_Input records_
____

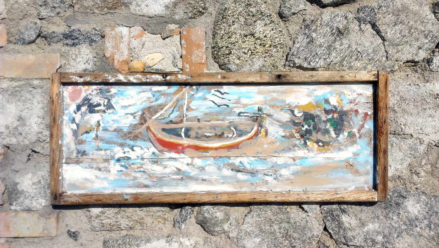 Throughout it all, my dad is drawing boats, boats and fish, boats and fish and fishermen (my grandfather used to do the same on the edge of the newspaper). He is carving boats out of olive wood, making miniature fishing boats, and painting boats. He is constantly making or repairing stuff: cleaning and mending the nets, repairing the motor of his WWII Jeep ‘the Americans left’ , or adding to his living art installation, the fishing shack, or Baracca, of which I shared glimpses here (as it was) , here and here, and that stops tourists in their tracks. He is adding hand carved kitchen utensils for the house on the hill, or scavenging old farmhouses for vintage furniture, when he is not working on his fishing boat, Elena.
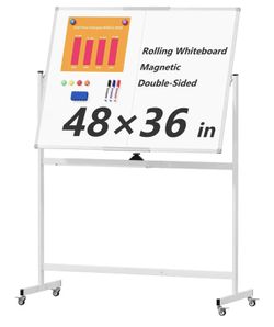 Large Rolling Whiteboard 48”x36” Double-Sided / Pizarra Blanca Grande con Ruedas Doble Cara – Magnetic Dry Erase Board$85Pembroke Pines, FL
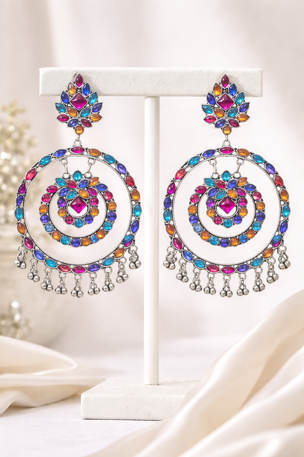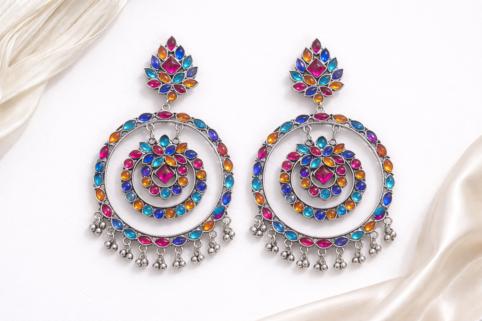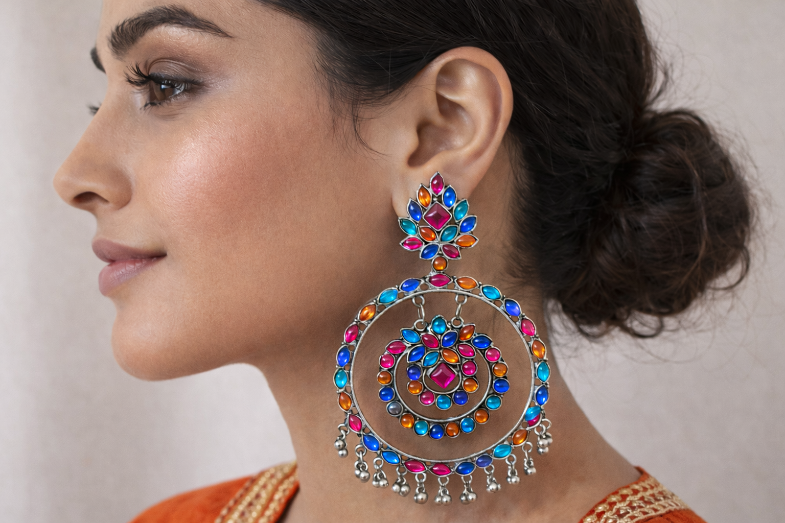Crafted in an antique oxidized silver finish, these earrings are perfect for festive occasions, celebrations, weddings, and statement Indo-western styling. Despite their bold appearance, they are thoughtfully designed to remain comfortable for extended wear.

____

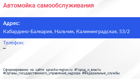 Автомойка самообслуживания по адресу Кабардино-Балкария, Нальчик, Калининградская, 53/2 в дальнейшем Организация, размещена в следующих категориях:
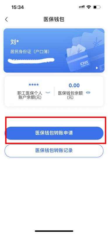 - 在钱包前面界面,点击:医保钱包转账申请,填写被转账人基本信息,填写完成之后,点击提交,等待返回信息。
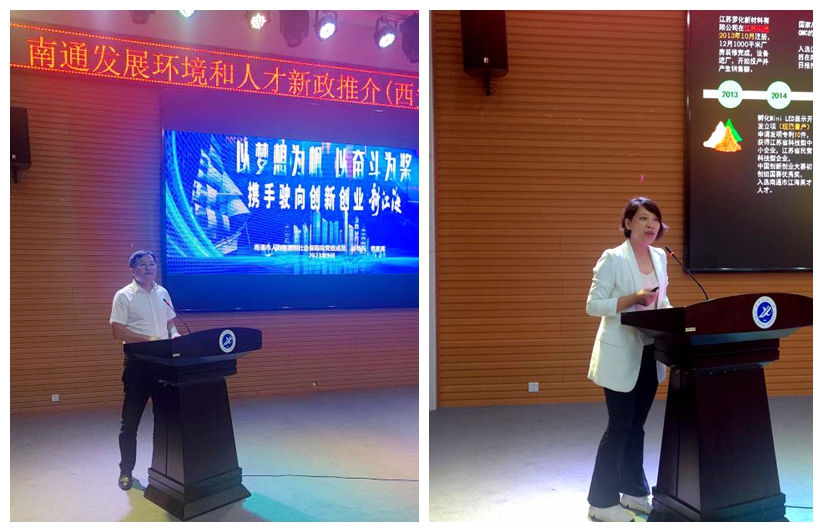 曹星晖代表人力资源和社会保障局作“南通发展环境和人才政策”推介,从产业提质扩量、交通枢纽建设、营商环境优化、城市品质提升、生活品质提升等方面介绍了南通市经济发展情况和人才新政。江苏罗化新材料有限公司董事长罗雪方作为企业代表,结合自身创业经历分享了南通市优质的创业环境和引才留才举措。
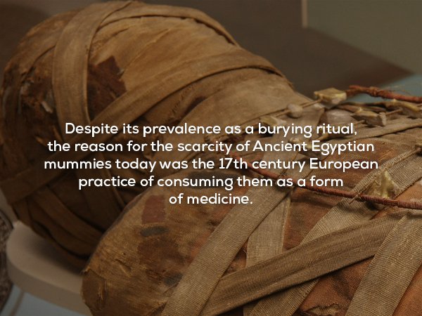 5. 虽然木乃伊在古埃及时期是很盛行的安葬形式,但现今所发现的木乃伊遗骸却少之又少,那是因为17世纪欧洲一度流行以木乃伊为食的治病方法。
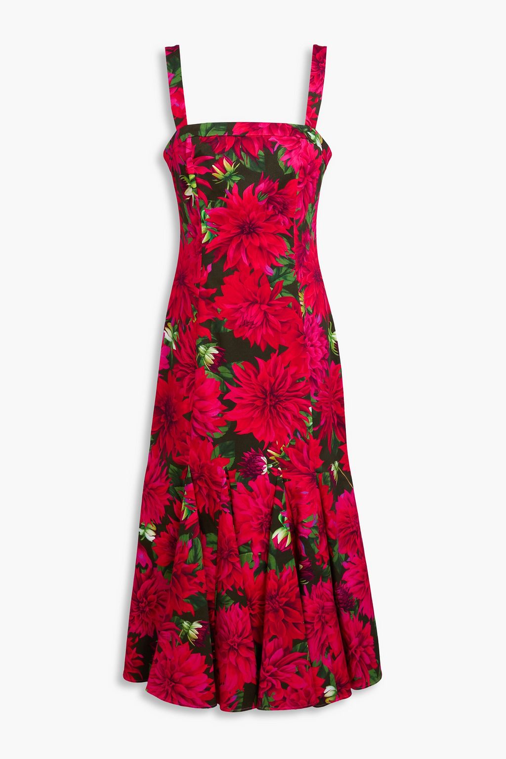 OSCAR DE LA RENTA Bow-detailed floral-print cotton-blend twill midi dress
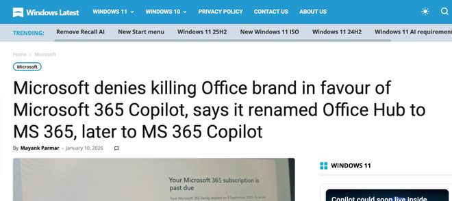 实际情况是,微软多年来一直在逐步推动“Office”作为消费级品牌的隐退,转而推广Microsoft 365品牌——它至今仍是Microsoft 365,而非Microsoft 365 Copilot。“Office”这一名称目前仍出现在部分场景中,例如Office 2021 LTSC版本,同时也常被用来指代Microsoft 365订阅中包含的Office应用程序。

____

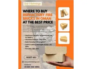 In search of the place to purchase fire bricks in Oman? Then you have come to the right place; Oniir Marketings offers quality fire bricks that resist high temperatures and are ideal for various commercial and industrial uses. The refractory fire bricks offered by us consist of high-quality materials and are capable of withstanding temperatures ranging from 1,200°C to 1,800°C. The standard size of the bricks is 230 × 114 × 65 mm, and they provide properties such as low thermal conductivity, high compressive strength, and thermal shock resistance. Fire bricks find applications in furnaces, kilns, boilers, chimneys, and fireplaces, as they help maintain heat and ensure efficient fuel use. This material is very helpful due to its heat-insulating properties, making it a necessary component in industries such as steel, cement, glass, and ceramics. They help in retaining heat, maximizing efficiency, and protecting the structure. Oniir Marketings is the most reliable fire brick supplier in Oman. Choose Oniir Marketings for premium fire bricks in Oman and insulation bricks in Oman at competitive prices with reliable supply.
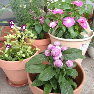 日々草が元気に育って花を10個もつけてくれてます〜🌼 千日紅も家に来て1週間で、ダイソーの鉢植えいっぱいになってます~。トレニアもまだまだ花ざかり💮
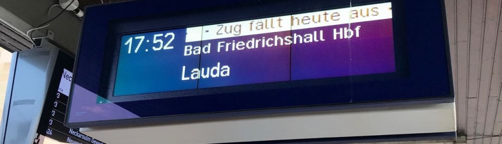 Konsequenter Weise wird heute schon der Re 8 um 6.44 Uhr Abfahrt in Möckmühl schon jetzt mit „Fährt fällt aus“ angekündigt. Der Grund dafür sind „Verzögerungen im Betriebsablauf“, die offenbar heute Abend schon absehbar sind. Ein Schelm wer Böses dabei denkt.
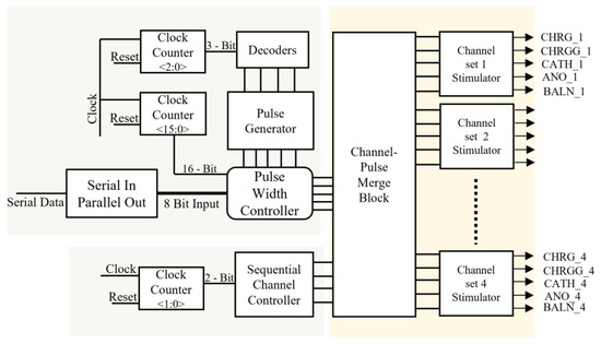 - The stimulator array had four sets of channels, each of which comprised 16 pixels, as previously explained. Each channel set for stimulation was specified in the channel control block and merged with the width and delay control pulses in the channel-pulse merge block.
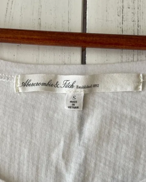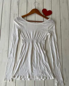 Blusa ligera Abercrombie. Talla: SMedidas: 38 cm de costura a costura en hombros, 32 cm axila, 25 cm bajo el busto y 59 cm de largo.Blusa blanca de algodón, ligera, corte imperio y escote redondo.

____

_Task brief_
From the material above, reproduce only what runs from the line holding "Konsequenter Weise wird" down to the line holding "Blusa ligera Abercrombie.", both included, pictures excluded.

_The answer_
 Konsequenter Weise wird heute schon der Re 8 um 6.44 Uhr Abfahrt in Möckmühl schon jetzt mit „Fährt fällt aus“ angekündigt. Der Grund dafür sind „Verzögerungen im Betriebsablauf“, die offenbar heute Abend schon absehbar sind. Ein Schelm wer Böses dabei denkt.
 - The stimulator array had four sets of channels, each of which comprised 16 pixels, as previously explained. Each channel set for stimulation was specified in the channel control block and merged with the width and delay control pulses in the channel-pulse merge block.
 Blusa ligera Abercrombie. Talla: SMedidas: 38 cm de costura a costura en hombros, 32 cm axila, 25 cm bajo el busto y 59 cm de largo.Blusa blanca de algodón, ligera, corte imperio y escote redondo.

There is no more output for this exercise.